**TASK DIRECTIONS**
Every line of the material must be given again verbatim. Skip the images.

**STORED DATA**
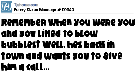 X  Remember when you were young and you liked to blow bubbles? Well, hes back in town and wants you to give him a call...
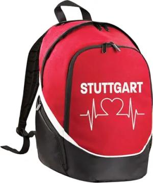 Rucksack - Stuttgart - Herzschlag - Druck weiß - Tasche Größe one size rot/schwarz
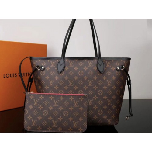 Louis Vuitton Monogram Canvas Neverfull Mm z czarnym skórzanym wykończeniem
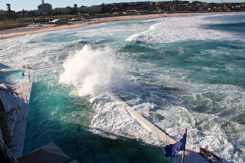 This boy took a break at the oceanside end of the pool one day, his arms resting on the seawall, heaving with breath, blowing hard. Dodging the cascades of water thrown up by waves hitting the edge.
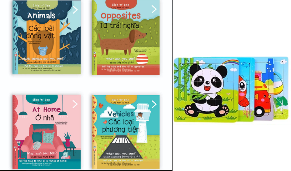 Combo 4 cuốn Sách tương tác Song ngữ – Slide and see cho bé học Tiếng Anh: At home, Animals, Opposites và Vehicles…

**RESULT OF THIS EXERCISE**
 X  Remember when you were young and you liked to blow bubbles? Well, hes back in town and wants you to give him a call...
 Rucksack - Stuttgart - Herzschlag - Druck weiß - Tasche Größe one size rot/schwarz
 Louis Vuitton Monogram Canvas Neverfull Mm z czarnym skórzanym wykończeniem
 This boy took a break at the oceanside end of the pool one day, his arms resting on the seawall, heaving with breath, blowing hard. Dodging the cascades of water thrown up by waves hitting the edge.
 Combo 4 cuốn Sách tương tác Song ngữ – Slide and see cho bé học Tiếng Anh: At home, Animals, Opposites và Vehicles…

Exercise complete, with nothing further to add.